EXERCISE DIRECTIONS:
All of the data that follows should be retyped exactly, please, except the pictures.

DATA TO EXAMINE:
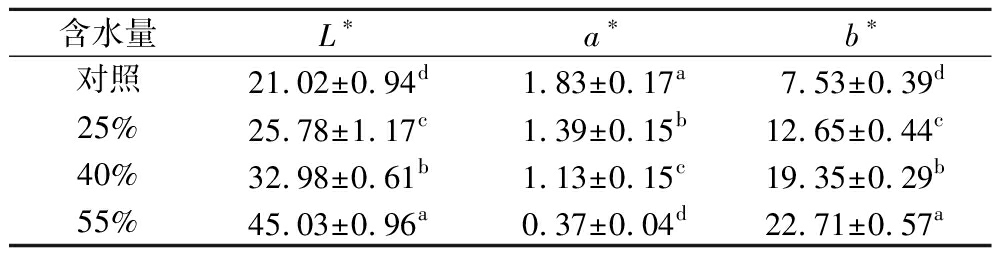 含水量L∗a∗b∗对照21.02±0.94d1.83±0.17a7.53±0.39d25%25.78±1.17c1.39±0.15b12.65±0.44c40%32.98±0.61b1.13±0.15c19.35±0.29b55%45.03±0.96a0.37±0.04d22.71±0.57a
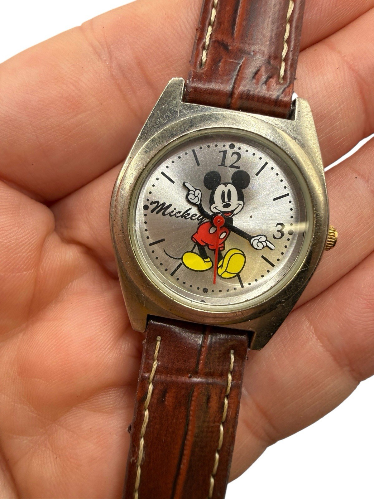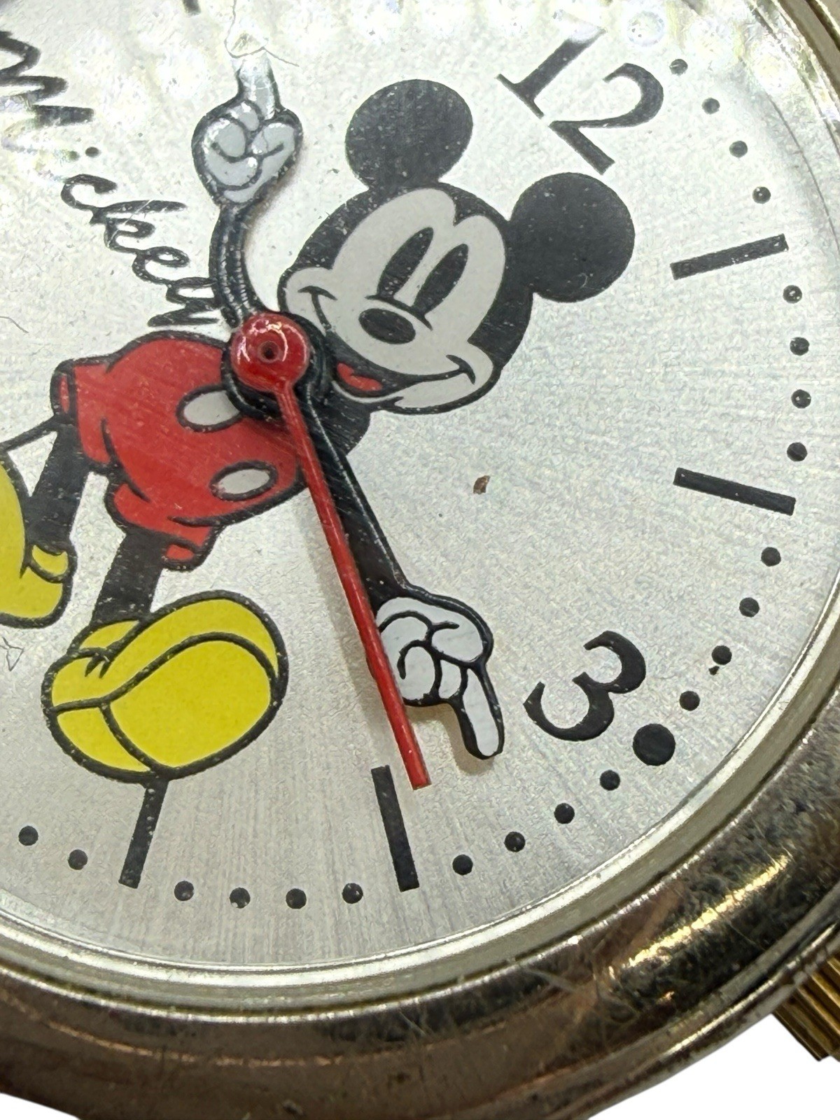 • Disney Mickey Mouse Watch Moving Hands Two Tone Red Leather Band New Battery
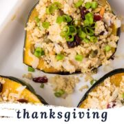 Festive, warm, and colorful, this sweet and savory Stuffed Acorn Squash recipe is easy to make, filling, and is perfect for the upcoming holiday months and cooler season.
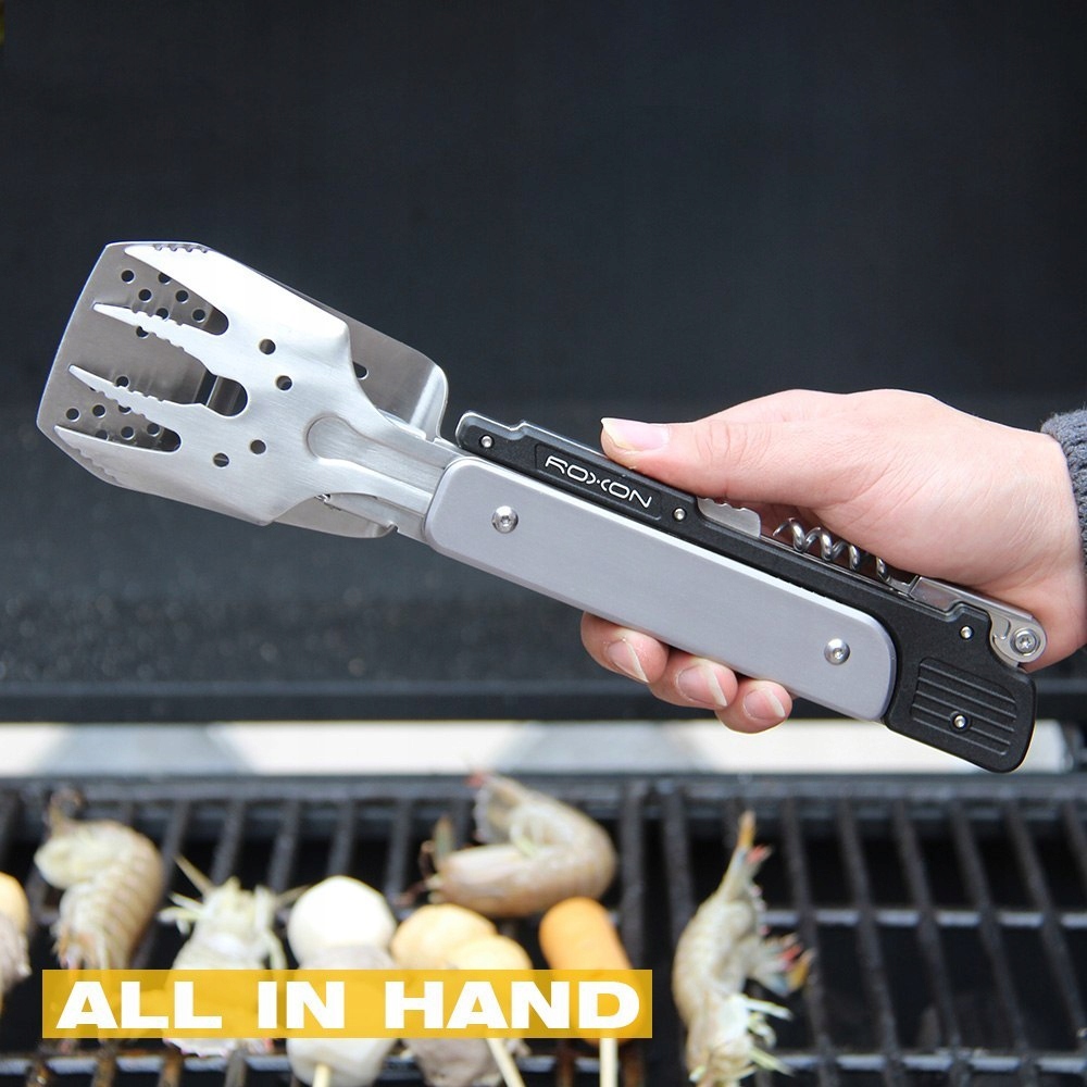 Roxon Многофункциональный инструмент для барбекю с 6-в-1-это съемный и складной набор инструментов для барбекю с шпателем, вилкой, плоскогубцами гриля, открывателем для бутылок. Портативный инструмент для барбекю во дворе и лагерь.
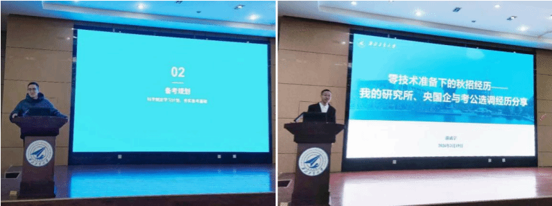李璐池着眼考公备考,制定了从基础夯实到冲刺强化的系统规划,并针对备考过程中的心态调整提出了切实建议,展现了投身公共服务事业的坚定信念。潘成宇深入调研央企、国企及研究所,结合专业背景精准锁定目标单位,制定差异化备考策略,将个人所长锚定国家所需,以实际行动投身强国建设主战场。卫嘉丽结合阿里云实习经历,详细复盘了互联网大厂的求职流程,分享了如何在激烈竞争中展现个人综合素养与岗位匹配度,立志在数字经济主战场上贡献青春力量。

WRITTEN ANSWER:
 含水量L∗a∗b∗对照21.02±0.94d1.83±0.17a7.53±0.39d25%25.78±1.17c1.39±0.15b12.65±0.44c40%32.98±0.61b1.13±0.15c19.35±0.29b55%45.03±0.96a0.37±0.04d22.71±0.57a
 • Disney Mickey Mouse Watch Moving Hands Two Tone Red Leather Band New Battery
 Festive, warm, and colorful, this sweet and savory Stuffed Acorn Squash recipe is easy to make, filling, and is perfect for the upcoming holiday months and cooler season.
 Roxon Многофункциональный инструмент для барбекю с 6-в-1-это съемный и складной набор инструментов для барбекю с шпателем, вилкой, плоскогубцами гриля, открывателем для бутылок. Портативный инструмент для барбекю во дворе и лагерь.
李璐池着眼考公备考,制定了从基础夯实到冲刺强化的系统规划,并针对备考过程中的心态调整提出了切实建议,展现了投身公共服务事业的坚定信念。潘成宇深入调研央企、国企及研究所,结合专业背景精准锁定目标单位,制定差异化备考策略,将个人所长锚定国家所需,以实际行动投身强国建设主战场。卫嘉丽结合阿里云实习经历,详细复盘了互联网大厂的求职流程,分享了如何在激烈竞争中展现个人综合素养与岗位匹配度,立志在数字经济主战场上贡献青春力量。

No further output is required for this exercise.